# What's happened to the wee red flags?



## Brandane (23 Apr 2022)

Notifications, I think is the proper name for them! Where have they gone? I have checked my preference settings and I should be getting notified when someone reacts to my posts, or sends a PM, or quotes me. Other than that, I'm not bothered. 
I know people have been reacting to posts as the posts shows reactions along the bottom. But no red flags, mostly.
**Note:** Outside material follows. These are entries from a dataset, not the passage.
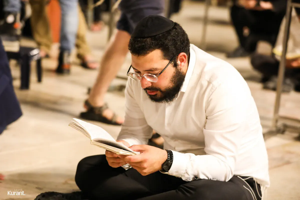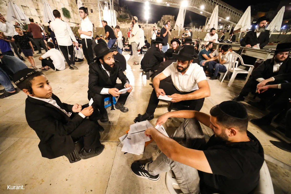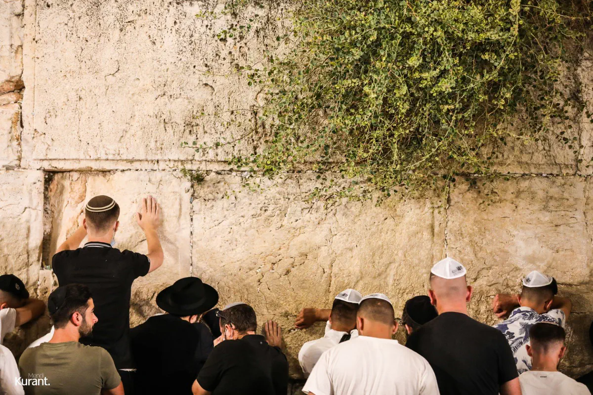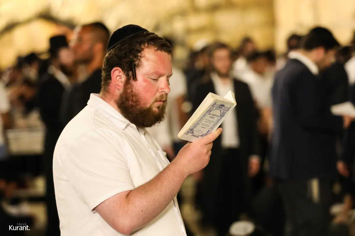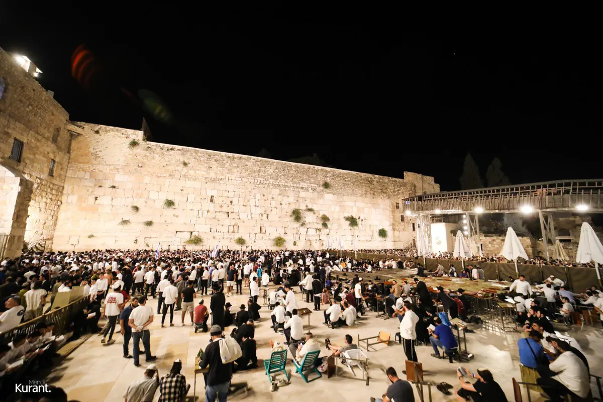 אלפי אנשים מכל רחבי הארץ הגיעו אמש לכותל המערבי לאמירת מגילת איכה וקינות. הצלם החב"די מענדי קורנט מגיש 50 רגעים מליל תשעה באב: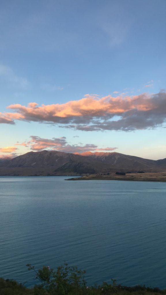 In Lake Tekapo soll angeblich der 2. schönste Sternenhimmel der Welt zu sehen sein, weshalb Touren für 99 Dollar angeboten werden. Den Sternenhimmel wollten wir uns natürlich nicht entgehen lassen, aber da 99 Dollar unserer Meinung nach leicht übertrieben sind, sind wir abends auf eigene Faust auf einen Berg gegangen. Die Aussicht war einfach so wunderschön. Wir haben so gerade noch den Sonnenuntergang mitbekommen.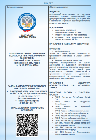 ПАМЯТКА «УРЕГУЛИРОВАНИЕ РАЗНОГЛАСИЙ С ПРИВЛЕЧЕНИЕМ МЕДИАТОРА» в рамках пилотного проекта ФНС России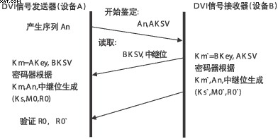 HDCP具體工作過程:首先由主機(jī)發(fā)送密鑰選擇導(dǎo)引序列(AKSV)和64bit偽隨機(jī)序列(An)到接收方,接收方回傳密鑰選擇導(dǎo)引序列(BKSV)和轉(zhuǎn)發(fā)器位(REPEAT-bit)(如是轉(zhuǎn)發(fā)器用以表示身份),發(fā)送方確認(rèn)BKSV是否已被廢除和是否包含20個(gè)1和20個(gè)0;如果雙方的設(shè)備密鑰和KSV有效,則計(jì)算產(chǎn)生一個(gè)56bit的公共密鑰Km和Km`,然后可產(chǎn)生KS、KS`(傳輸密鑰)、M0、MO`(64bit后續(xù)驗(yàn)證用追加初始序列)、RO、R0`(16bit指示驗(yàn)證成功,它必須在AKSV發(fā)送后100ms內(nèi)傳回發(fā)送方;驗(yàn)證成功后R01和R0相等;每128幀修正一次,每2s回傳一次)。因此當(dāng)DVI接口中斷傳輸2s以上,或是非授權(quán)設(shè)備接收時(shí),主機(jī)將停止傳輸內(nèi)容,以達(dá)到保護(hù)傳輸內(nèi)容的目的。HDCP鑒定處理過程如圖6所示。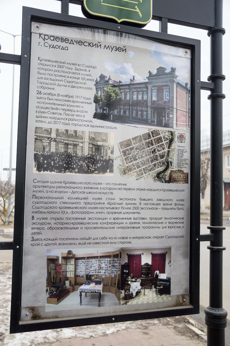 Я давно заметила, что почти в каждом районном центре нашей необъятной страны есть Краеведческий музей или что-то подобное. Вот и в Судогде специалисты-энтузиасты создали в 2007 году свой Краеведческий. Расположен в здании бывшей Судогодской Городской Думы и Дворянского Собрания. Ныне здесь находится не только музей (он на первом этаже), здание большое. Со стороны Второго Первомайского переулка можно войти в Администрацию города, Совет Народных депутатов Судогды и разные другие значимые для города организации. Там же и парковка. Адрес музея: ул. Ленина, д. 65. Еще в этом доме располагается Детская Школа Искусств.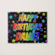 Este divertido y animado diseño de rompecabezas con temática de cumpleaños muestra el mensaje "FELIZ CUMPLEAÑOS, DANIEL" con los personajes que tienen un coloreado patrón de gradiente inspirado en el espectro de arcoiris, además de un vibrante patrón de fondo de campo estrella. Un acertado rompecabezas como este podría ser usado para enviar un mensaje de bienvenida de cumpleaños a alguien llamado Daniel. [~Z0000468]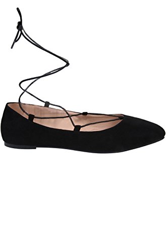 E fit black ballerina pumps with pointed toe finish. Features easily adjustable lace up ankle strap. Made from a soft faux suede these are a must have this season. Wear with a cute dress and floppy hat for an on trend look.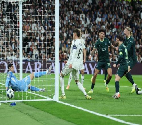 賽前,主場作戰(zhàn)的皇馬便遭打擊,頭號射手基利安·姆巴佩身體狀況僅能支撐其被列進(jìn)替補(bǔ)名單,全場比賽他沒能登場。不過,作為歐冠之王,皇馬開場后迅速占得先機(jī),維尼修斯的突破和巴爾韋德的定位球讓曼城門前風(fēng)聲鶴唳,看似曼城頂住了皇馬開場的猛攻之時,第28分鐘卡雷拉斯后場搶斷,貝林厄姆斜塞到右路,羅德里戈殺入禁區(qū)小角度低射遠(yuǎn)角得手,幫助皇馬1-0取得領(lǐng)先。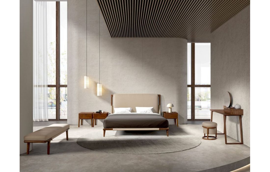 Cama moderna com cabeceira original em pele sintética e estrutura em madeira na cor nogueira escura, uma peça-chave para o seu quarto, irá acrescentar um estilo elegante e aconchegante. Cama compatível com colchão de 180 x 200 cmDestinatário :
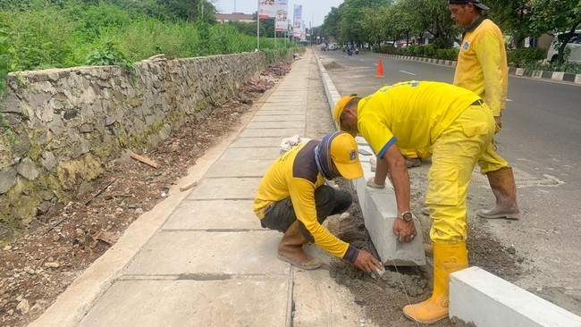 Salah seorang petugas Dinas Bina Marga, Matdiyasin mengatakan pengerjaan trotoar jalan itu sudah berlangsung sejak Minggu lalu. Dia menyebut pengerjaan itu masih kurang 30 meter lagi.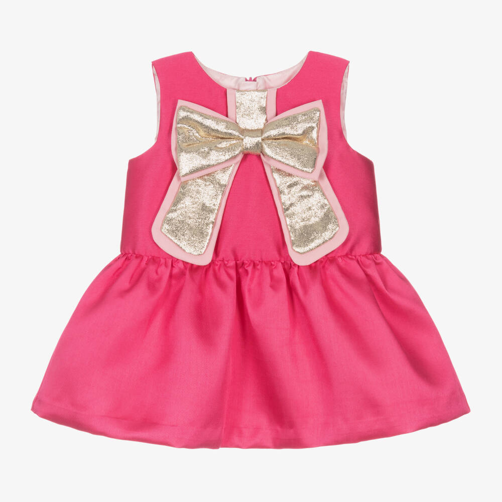 Fuchsia pink dress for baby girls by Hucklebones London, with a large gold bow on the front. Ideal for a special occasion, this cute twill dress is lined for comfort and comes with matching knickers to complete the look.
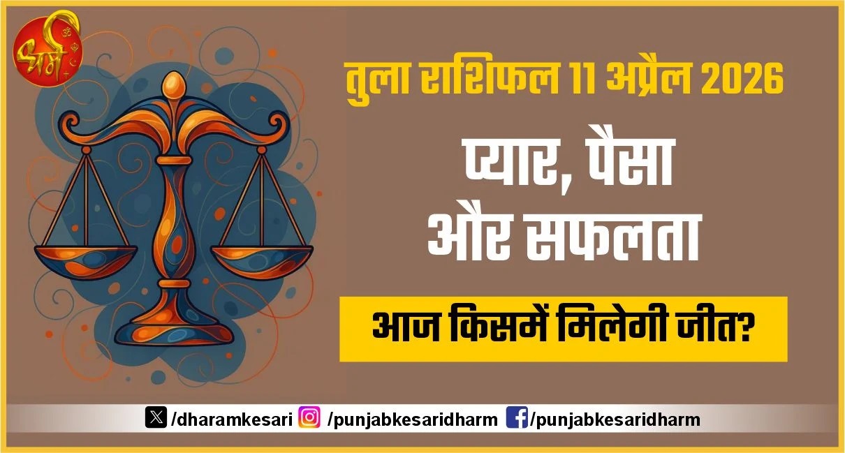 कुल मिलाकर, 11 अप्रैल 2026 का दिन तुला राशि के लिए प्यार, पैसा और सफलता। तीनों क्षेत्रों में सकारात्मक संकेत देता है। यदि आप संतुलन और समझदारी बनाए रखते हैं, तो आज आप हर क्षेत्र में जीत हासिल कर सकते हैं और जीवन में आगे बढ़ सकते हैं।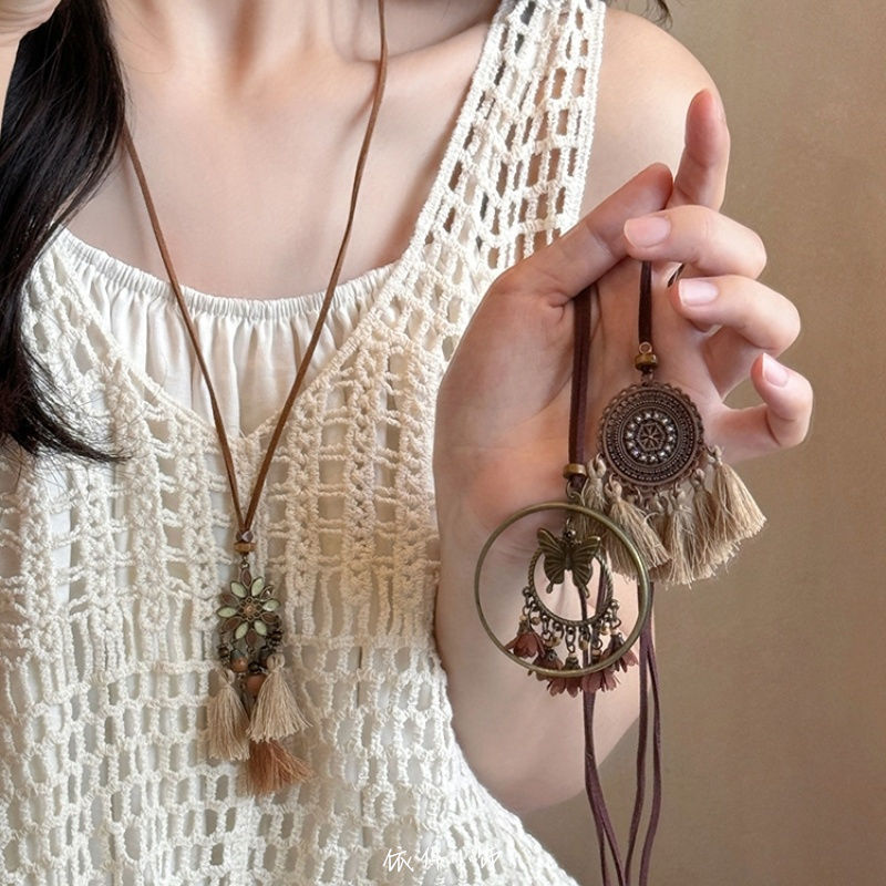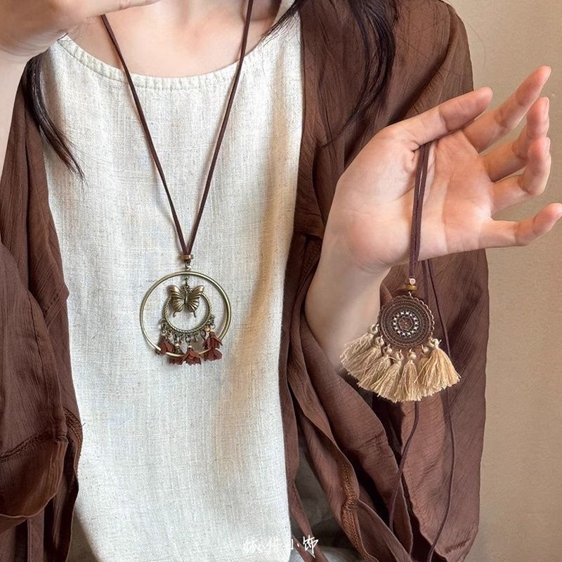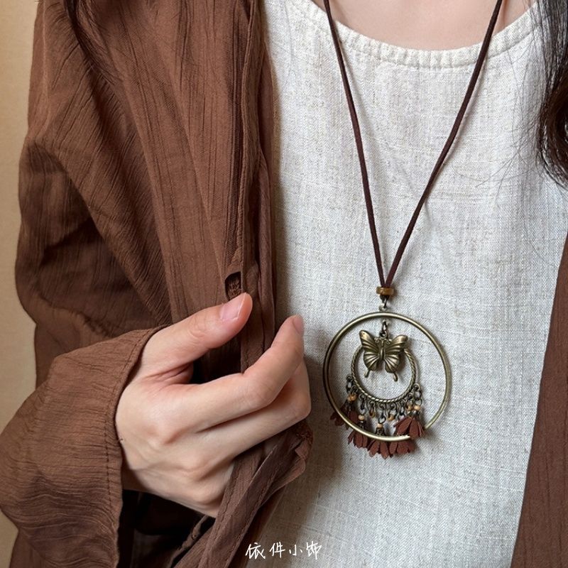 Bohemian brown Vintage Tassel Necklace Hippie Ethnic Style Niche 2025 New Butterfly Pendant Woolen Chain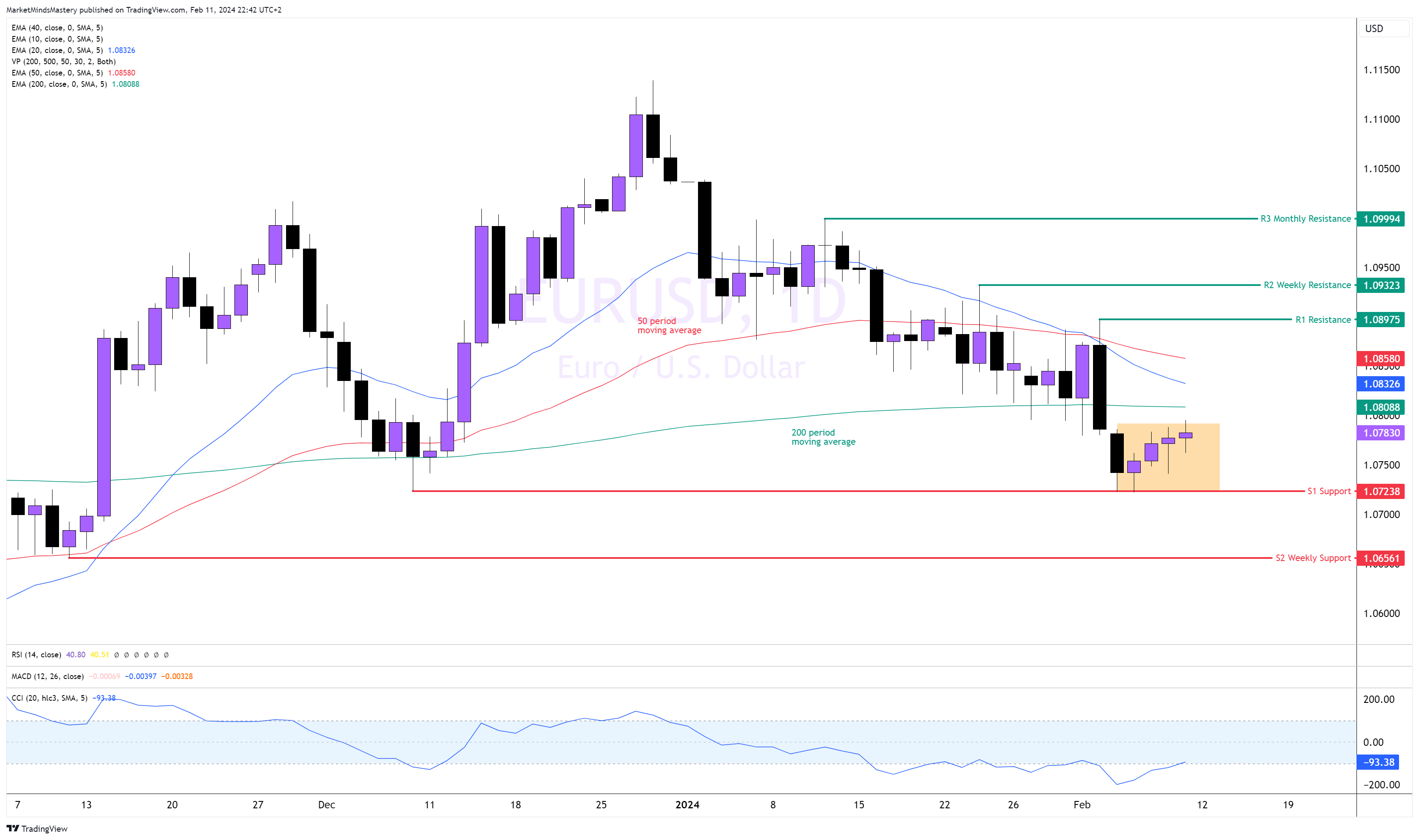 في أعقاب الاختراق والإغلاق دون المتوسط المتحرك لفترة 200 فترة، أجبرت شمعة الابتلاع الهابطة السعر على التحول إلى الاتجاه الهبوطي يوم الإثنين الماضي، كما كان متوقعًا. ومنذ ذلك الحين، اختبر السعر دعم الدعم S1 حول مستوى 1.07238 وارتد لأعلى، وعلى مدار أيام التداول الأربعة السابقة، تداول السعر بين قمة وقاع شمعة يوم الثلاثاء. وعادة ما يؤدي الارتداد عن الدعم إلى نشاط كبير، ويتحرك السعر لأعلى بشكل ملحوظ. ويقع مؤشر الماكد تحت الصفر، مع وجود خط الإشارة فوق خط الماكد مما يشير إلى نشاط هبوطي. إذا استمر السعر في الدفع لأعلى وتجاوز المتوسطين المتحركين لفترة 50 و 200 فترة، فإن المقاومة الثابتة الأولى، R1، هي قمة الابتلاع الهبوطي الأخير، حول 1.08975. وبعد ذلك مباشرة، وعلى مسافة 30 نقطة تقريبًا، توجد المقاومة الثابتة R2 حول 1.09323.

Randomly, they do appear!


----------



## Pat "5mph" (23 Apr 2022)

Do you mean the red numbers on top of the bell just before the search box?
I have them, as normal.
Anyone else that doesn't have them?


----------



## Brandane (23 Apr 2022)

Pat 5mph said:


> Do you mean the red numbers on top of the bell just before the search box?
> I have them, as normal.
> Anyone else that doesn't have them?



That's them - wee red numbers beside the bell.


----------



## annedonnelly (23 Apr 2022)

I'm getting them for likes and watched threads but I think I've been tagged by a couple of people and they haven't shown as alerts. I've checked my preferences and they should be showing. Obviously I don't know if any others are missing


----------



## Pat "5mph" (23 Apr 2022)

annedonnelly said:


> I'm getting them for likes and watched threads but I think I've been tagged by a couple of people and they haven't shown as alerts. I've checked my preferences and they should be showing. Obviously I don't know if any others are missing


Ime, sometimes the tagging does not show if the same post is also quoted in response.
Let's notify @Shaun about the alerts not showing


----------



## classic33 (23 Apr 2022)

Pat "5mph" said:


> Ime, sometimes the tagging does not show if the same post is also quoted in response.
> Let's notify @Shaun about the alerts not showing


If a post was edited, maybe to tag the person, then no alert would be generated.


----------



## Pat "5mph" (23 Apr 2022)

classic33 said:


> If a post was edited, maybe to tag the person, then no alert would be generated.


True this, I forgot!


----------



## classic33 (23 Apr 2022)

Pat "5mph" said:


> True this, I forgot!


You forgot!
Is that allowed?


----------



## Mo1959 (23 Apr 2022)

Mine has been playing up a bit. It often says there’s much more notifications than there are when you actually click on it.


----------



## Andy in Germany (24 Apr 2022)

Mo1959 said:


> Mine has been playing up a bit. It often says there’s much more notifications than there are when you actually click on it.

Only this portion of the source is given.